We note also that the parties do not dispute the absence of any non-statutory factors relevant to whether Wells knowingly and voluntarily waived his rights. See Griffin v. Kraft Gen. Foods, Inc., 62 F.3d 368, 373-74 (11th Cir.1995); Gormin v. Brown-Forman Corp., 963 F.2d 323, 327 (11th Cir.1992). For example, Wells has not alleged fraud, duress, or coercion. See Griffin, 62 F.3d at 373.

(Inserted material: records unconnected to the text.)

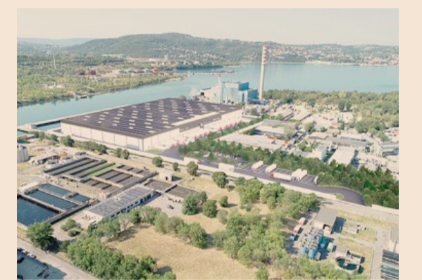
Punto strategico. Il rendering dell'impianto a Trieste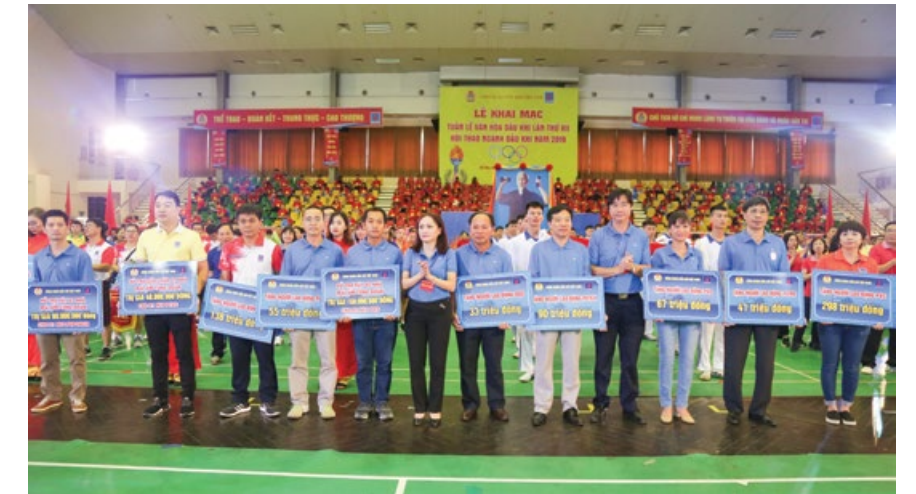
Lãnh đạo CĐ DKVN trao hỗ trợ NLĐ khó khăn của các đơn vị

Hàng năm cứ mỗi dịp Tuần lễ Văn hóa Dầu khí đến với người lao động Dầu khí, Công đoàn Dầu khí Việt Nam (CĐ DKVN) luôn luôn quan tâm và chăm lo tốt đời sống vật chất, tinh thần cho đoàn viên, người lao động với tinh thần vui tươi, phấn khởi, an toàn và tiết kiệm.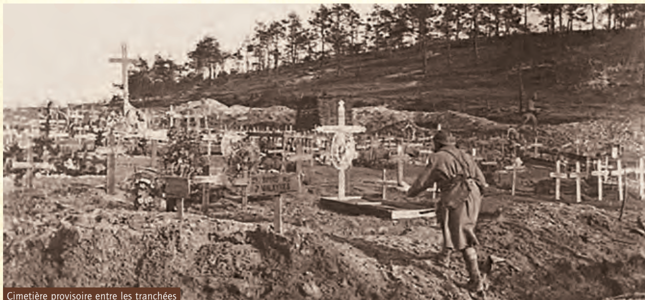
Cimetière provisoire entre les tranchées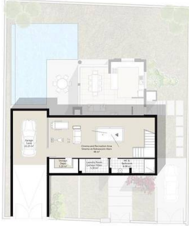
A TYPE - TIP BASEMENT PLAN BODRUM KAT PLANI AREA - ALAN: 110.73 m 2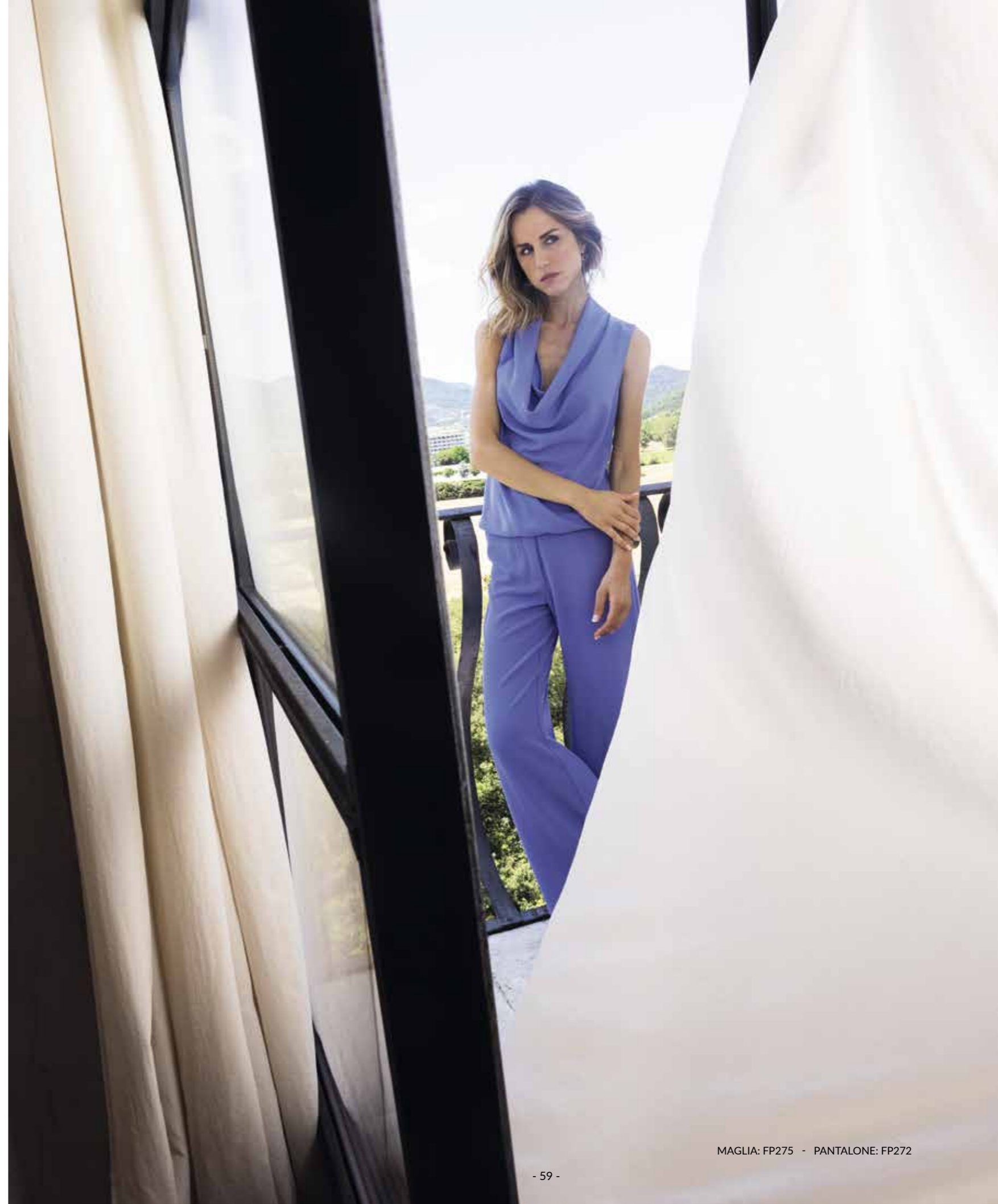
MAGLIA: FP275 - PANTALONE: FP272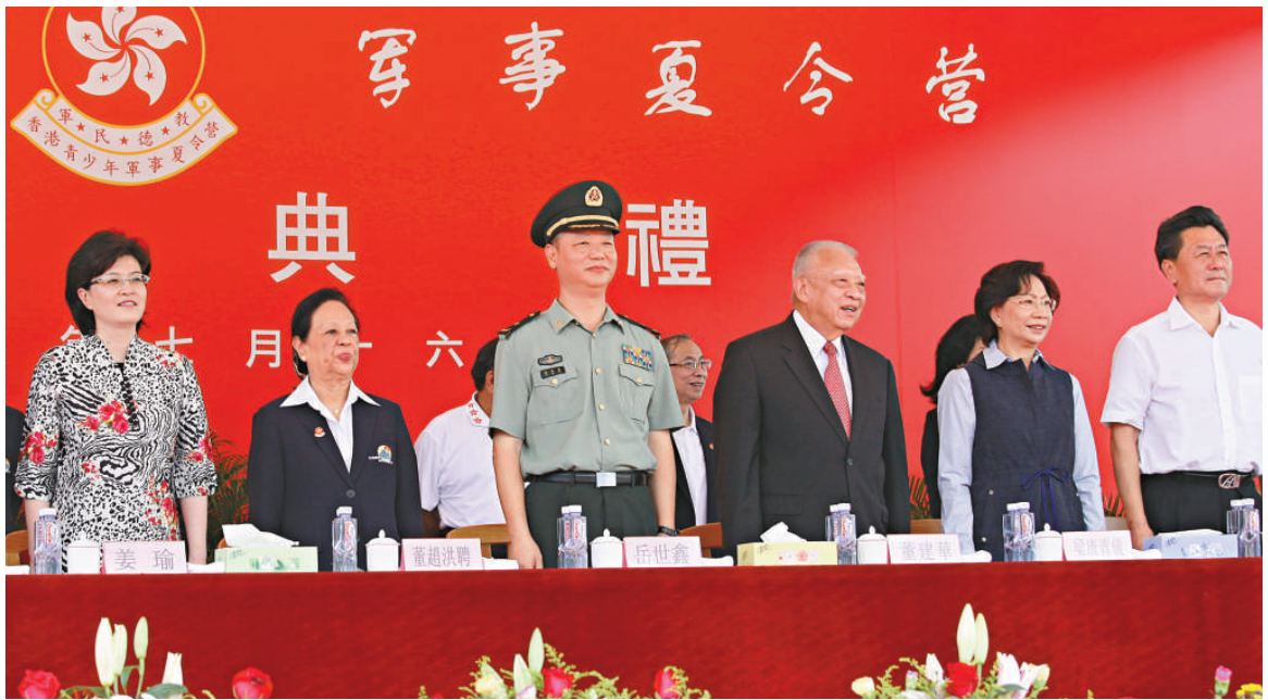
▲出席青少年軍事夏令營開營禮的嘉賓：（左起）外交部駐港副特派員姜瑜，青少年軍事夏令營發起人董趙洪鴻，駐港部隊政委岳世鑫，全國政協副主席董建華，特首夫人梁唐青儀，中聯辦副主任李剛

夏令營發起人董趙洪鴻表示，軍營教育是全人教育，是愛的教育，她寄語「小兵」們在軍營中把握難得的機會，學習服從紀律、團結友愛、樂於助人的精神，成為知識豐富、全面發展和愛國愛港的人才。她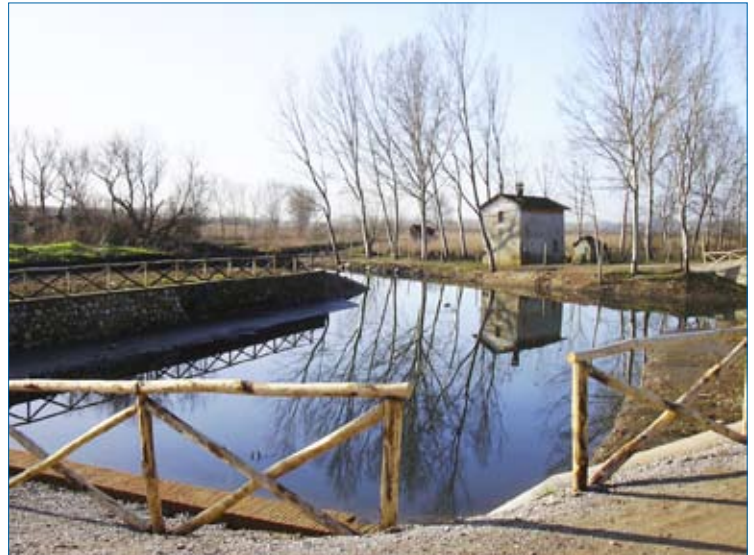
Il "Porto de Le Morette"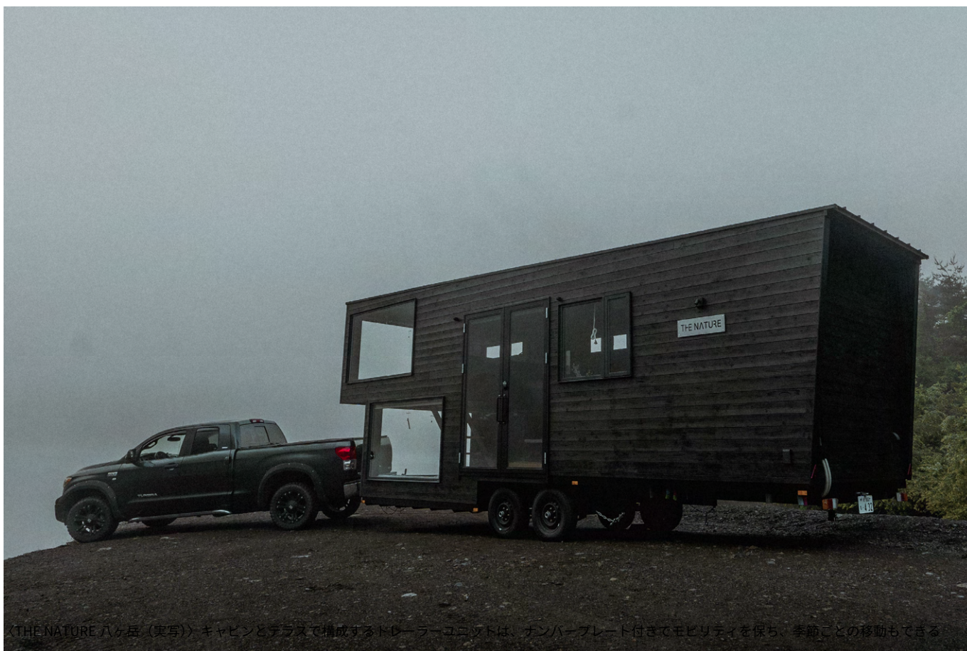
〈THE NATURE ハケ屋 (実写)〉キャビンとテラスで構成するトレーラーユニットは、ナンバープレート付きでモビリティを保ち、季節ごとの移動もできる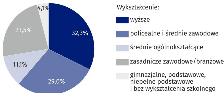
Wykres 1. Struktura ludności w wieku 15-89 lat aktywnej zawodowo według poziomu wykształcenia w 4 kwartale 2021 r.

Najwyższy poziom aktywności zawodowej odnotowano wśród osób z wykształceniem wyższym (82,4%), a najniższy – z wykształceniem co najwyżej gimnazjalnym (14,9%)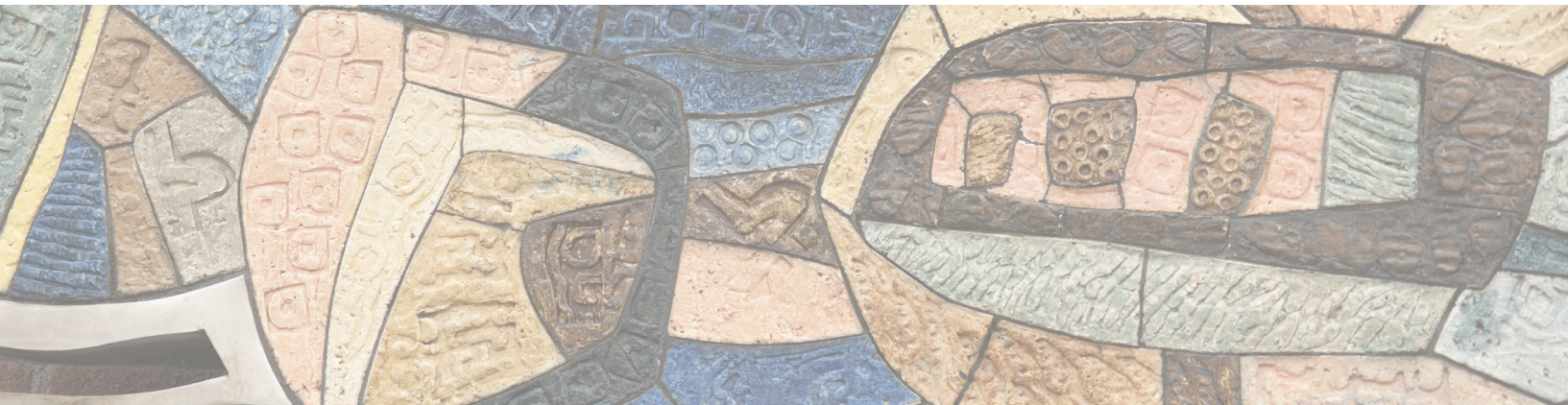
Finn Christensen, utsnitt av verket Den odontologiske tann , 1968, utenfor Det odontologiske fakultet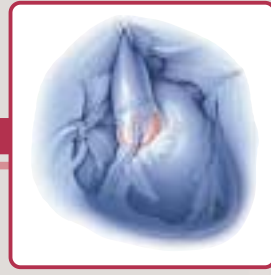
Valve O'Brien Stentless aortic valve Valve aortique stentless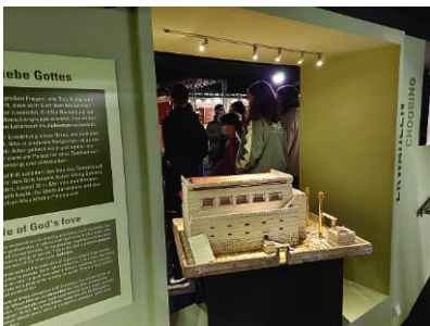
Tempel in Jerusalem (Modell)

Im Neuen Testament wurden wir in Gruppen eingeteilt, wo wir dann verschiedene Themen der damaligen Zeit durchlesen sollten, um es dann den anderen zu erklären bzw. zu präsentieren.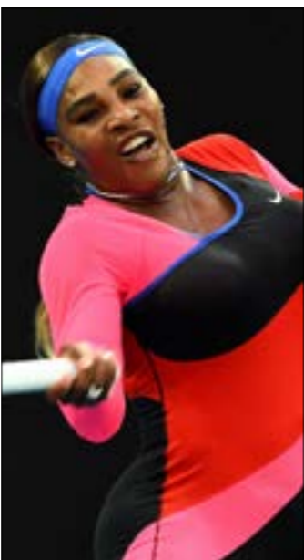
بالت سيرينا على بعد فوزيت من تحريف رقم قياس في البطولات الكبرى (ف ب)

ردت بقوة فكسرت إرسال الرومانية وعادلت النتيجة (3-3)، وكوّنت الأمل ذاته للمرة السادسة في اللقاء لتتقدم (3-4)، وتحسم لاحقاً المجموعة والمباراة لمصلحتها. وقالت سيرينا: «بدون تأكيد هي أفضل مباراة خضتها في هذه البطولة»، وتابعت: «من الواضح أنه كان يجب أن أرفع من مستواي أمام المصنفة ثالثة عالمياً، لذا كنت أعرف فعلته وأنا متحمسة». وضربت سيرينا موعداً في الدور نصف النهائي مع اليابانية ناومي أوساكا، المصنفة ثالثة، الخائفة بسهولة على التأهولة هسيبه سو-وي (2-6) و(2-6). ولم تجد اليابانية أي صعوبة في سحق منافستها المصنفة 71 عالمياً. وصنعت أوساكا الفارق بينها وبين سو-وي بفضل حسنهما للخطأ المهمة (أنقذت 3 محاولات لكسر إرسالها من أصل 3)، إضافة إلى الرئيسية.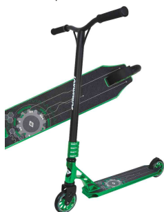
Trottinette Stunt-Scooter "Flipwhip", vert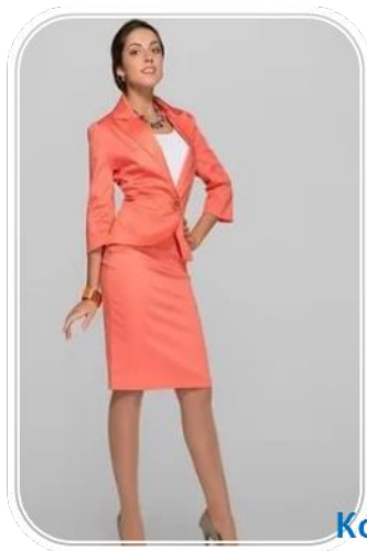
Костюм второго типа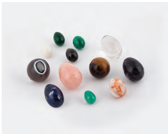
32 DIECI UOVA E DUE SFERE IN MARMO E PIETRE DURE, da cm 2,5 a cm 5 quarzo rosa, cristallo, malachite, occhio di tigre ...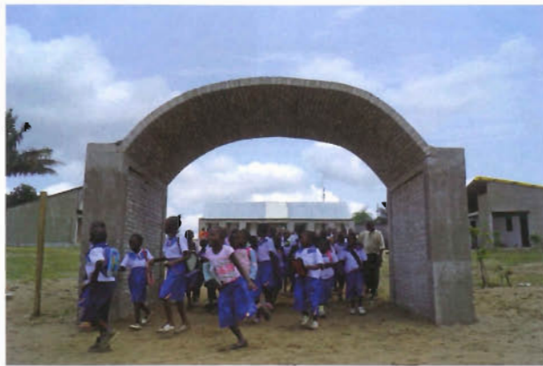
コンゴ民主共和国キンシャサ、アカデックス小学校

共に、グローバルとローカルの3つのバランスについて説明された。それは①（材料）においては現地材を使うことの大切さ、②（構法）においては地元と日本、双方の技術を上手く使うこと、③（協働）においては、日本で事前にデザインすること、と現地においては現地の人と一緒に組み立てること、と説明した。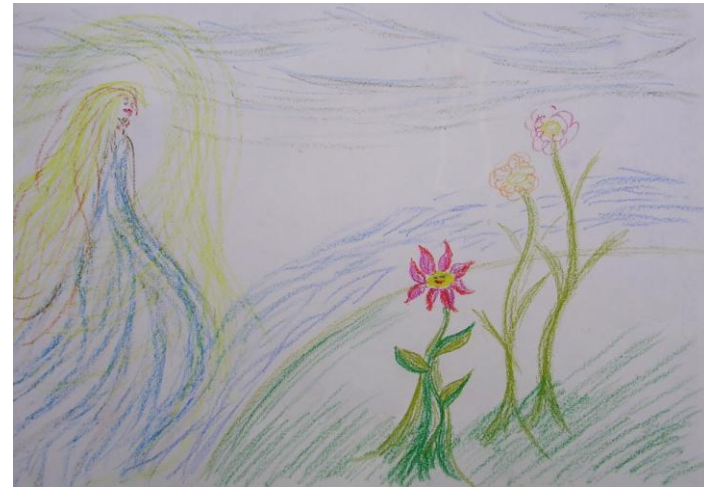
Fig. 1 – Psiche

sembra mostrare una Psiche stereotipata e vuota, vuota di una identità davvero sua (Fig. 1).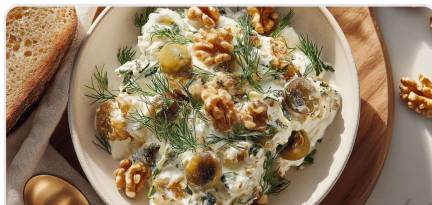
Skyr salé aux olives et aux noix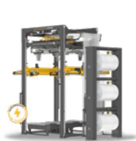
STRETCH HOOD TECHMAX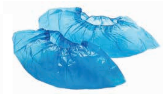
ΠΟΔΟΝΑΡΙΑ ΧΕΙΡΟΥΡΓΙΟΥ Μ.Χ. ΜΠΛΕ ΠΑΚ 100 TEM 23182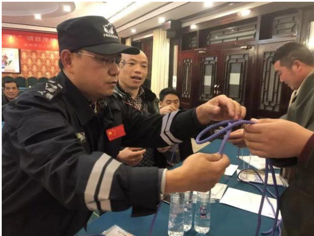
图 24 教官向乡镇学员演示不同打法的绳结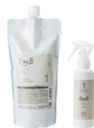
1剤 ラウブ システムトリートメント 1 Retour au Bébé 1 500mL

ヒューマンケラチン分子量200 (特許成分) 配合により、毛髪深部の再構築をします。髪の毛の栄養成分を補いながら保湿して潤いのある髪に。

Finally, we agree with Xpedx that the evidence indicating that Wells knowingly and voluntarily waived his ADEA claims also supports a finding that he knowingly and voluntarily waived his FCRA and Federal Whistleblower claims. See, e.g., Alexander v. Gardner-Denver Co., 415 U.S. 36, 52 n. 15, 94 S.Ct. 1011, 39 L.Ed.2d 147 (1974); Blackwell v. Cole Taylor Bank, 152 F.3d 666, 673 (7th Cir.1998). We therefore decline to address the remainder of Wells’s arguments. The judgment of the district court is

AFFIRMED. 
      
      . Wells later conceded that this claim was invalid.
     
      
      . Because Wells’s ADEA claim failed, the district court also dismissed his FCRA claim, on the grounds that the framework for evaluating ADEA cases also applies to FCRA cases. Reilly v. Duval County Pub. Schs., No:3:04-CV-1320-J-32MMH, 2006 WL 3130918, at *7 n. 12 (M.D.Fla. Oct. 31, 2006). Wells does not appeal this holding and we therefore do not address it.
     
      
      . After conceding in his response to Xpedx’s summary judgment motion that his federal whistleblower claim was invalid, Wells sought leave to amend his response to the motion and complaint to allege a proper whistleblower claim under the ADEA, 29 U.S.C. § 623(d). The court denied Wells leave to amend, citing prejudice to Xpedx as well as the fact that Wells had waited over one month after Xpe-dex filed its summary judgment motion to request the leave, that the deadline for amendments to pleadings had long past, and that the discovery period had ended. The court therefore granted summary judgment to Xpedex on Wells's federal whistleblower claims, and Wells appeals this holding.
     
      
      .We review de novo a district court's grant of summary judgment, applying the same legal standards as the district court. See Whatley v. CNA Ins. Cos., 189 F.3d 1310, 1313 (11th Cir.1999). Summary judgment is appropriate if the evidence before the court shows that there is no genuine issue as to any material fact and that the moving party is entitled to a judgment as a matter of law. Haves v. City of Miami, 52 F.3d 918, 921 (11th Cir.1995) (internal marks and citations omitted). In making this determination, the court must view all evidence and make all reasonable inferences in favor of the party opposing summary judgment. Id.
      
     
      
      . The statutory requirements are:
      (1) the release must be written in a manner calculated to be understood by the employee signing the release, or by the average individual eligible to participate;
      (2) the release must specifically refer to claims arising under the ADEA;
      (3) the release must not purport to encompass claims that may arise after the date of execution;
      (4) the employer must provide consideration for the waiver or release of ADEA claims above and beyond that to which the employee would otherwise already be entitled;
      (5) the employee must be advised in writing to consult with an attorney prior to executing the agreement;
      (6) the employee must be given at least 21 days within which to consider the agreement or 45 days to consider signing if the waiver is offered in connection with an "exit incentive or other employment termination";
      (7) the release must allow the employee to revoke the agreement up to 7 days after signing; and
      (8) if the release is offered in connection with an exit incentive or group termination program, the employer must provide information relating to the job titles and ages of those eligible for the program, and the corresponding information relating to employees in the same job titles who were not eligible or not selected for the program.
      
        Thiessen v. Gen. Elec. Capital Corp., 232 F.Supp.2d 1230, 1234-35 (D.Kan.2002) (citations omitted); see 29 U.S.C. § 626(f)(1)(A)— (H). Wells challenges numbers (1), (5), and (8).
     
      
      . As noted above, the district court declined to exercise supplemental jurisdiction over Wells's Florida Whistleblower claim.